Ruziboy Fayzullaev

Personal information
- Full name: Roʻziboy Bahodir oʻgʻli Fayzullayev
- Date of birth: 16 October 2005 (age 20)
- Place of birth: Uzbekistan
- Height: 1.72 m (5 ft 8 in)
- Position: Right-back

Team information
- Current team: Olimpik-Mobiuz
- Number: 27

Senior career*
- Years: Team / Apps / (Gls)
- 2023–2024: Metallurg / 26 / (0)
- 2024–: Olimpik-Mobiuz / 50 / (2)

International career^{‡}
- 2024–: Uzbekistan U23 / 10 / (1)

= Ruziboy Fayzullaev =

Uzbek footballer

Ruziboy Fayzullaev (Рўзибой Баҳодир ўғли Файзуллаев; born 16 October 2005) is an Uzbek professional footballer who plays as a right-back for Uzbekistan Pro League club Olimpik-Mobiuz and the Uzbekistan national under-23 team.

== Club career ==
Fayzullaev began his professional career in Uzbekistan, joining Olimpik-Mobiuz (the developmental squad created to nurture young talents for Uzbek national youth teams). Operating primarily as a right-sided defender, he established himself in the squad competing in the Uzbekistan Pro League.

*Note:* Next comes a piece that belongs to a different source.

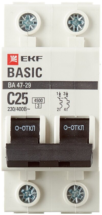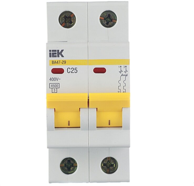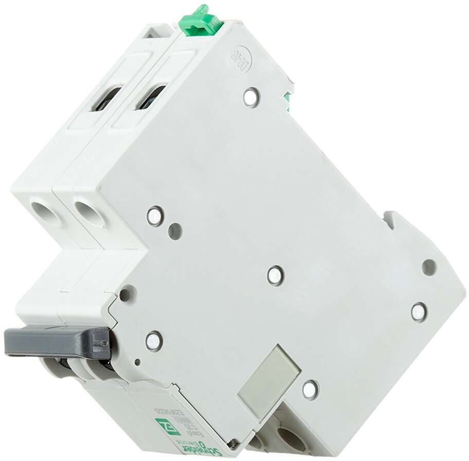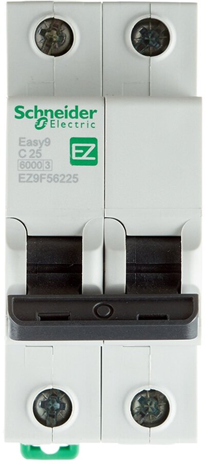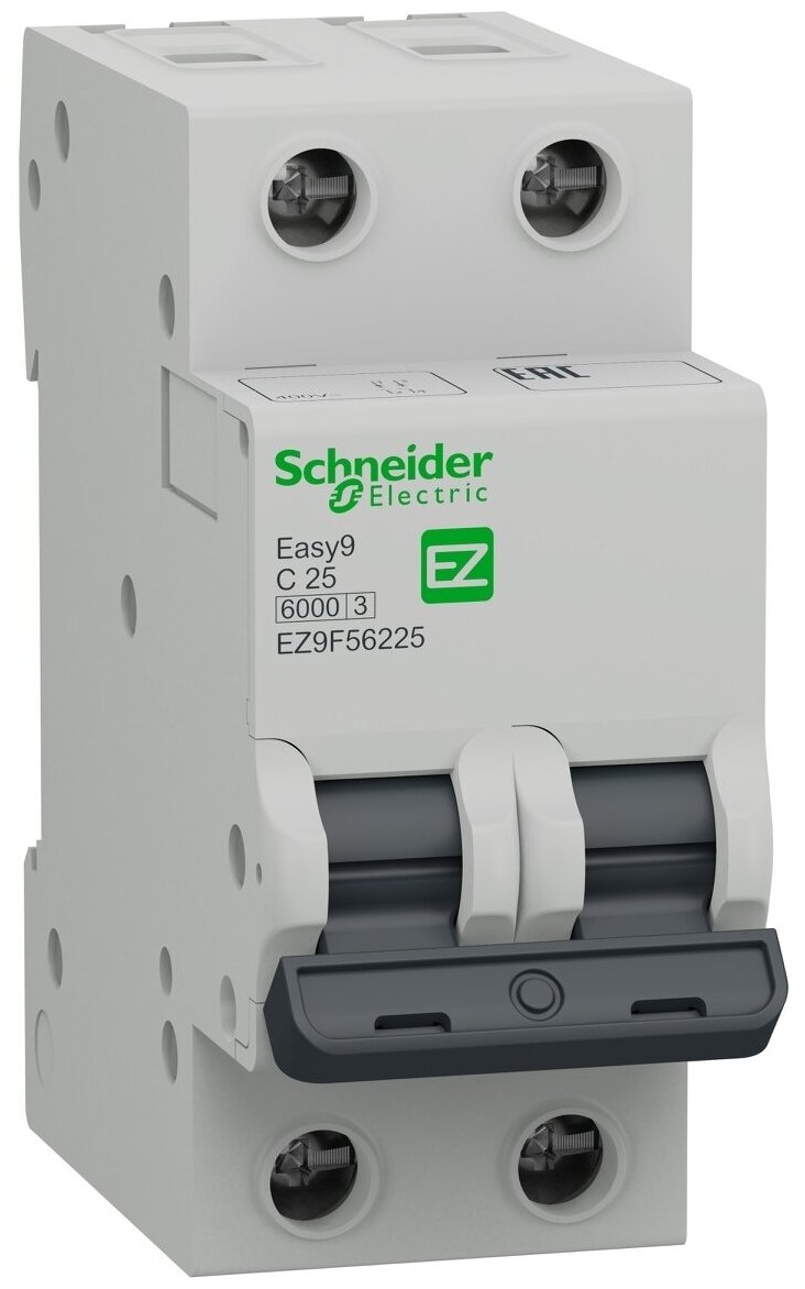 Двухполюсный автоматический выключатель Schneider Electric Easy9 типа C, рассчитанный на ток нагрузки 40 А и максимальную силу тока (отключательную способность) 6 кА предназначен для защиты электроприборов от поломок при перегрузках электросети или коротком замыкании. Устройство замеряет показатели электрического тока в непрерывном режиме и в случае его превышения срабатывает расцепитель, который размыкает электрическую цепь. Автомат устанавливается в специальных электрощитках в жилых домах, офисных и производственных помещениях.Параметр отключающей способности двухполюсного автомата Schneider Electric Easy9 (6 кА) означает максимальную силу тока, при которой срабатывает автоматический выключатель. При превышении этого показателя корректная работа автоматики не гарантируется.При выборе защитного автомата по отключающей способности необходимо учитывать максимально возможный ток при коротком замыкании. Обычно, в более старых постройках, используются приборы на 4.5 или 6 кА. Для квартиры в новых домах стоит выбрать защитную автоматику на 10 кА.Обратите внимание: несмотря на похожую единицу измерения и одинаковые числовые значения, номинальный ток и отключающая способность – это разные показатели!Автоматические выключатели типа C наиболее распространены в бытовых сетях. Для того, чтобы произошло срабатывание соленоида электромагнитного расцепления, установленного в таком приборе, нужно, чтобы проходящий через него поток электронов превысил номинальную величину в 5 раз. Срабатывание теплового расцепителя при пятикратном превышении номинала аппарата защиты происходит через 1,5 сек.Сделано в Индии.

== International career ==
Fayzullaev has represented Uzbekistan at youth international levels, earning caps for the Uzbekistan U23 team. In September 2026, Fayzullaev featured for the Uzbekistan Olympic team during their group stage fixtures at the Asian Games, including victories over the Philippines (5–1), Kuwait (2–0) and Vietnam (2–0).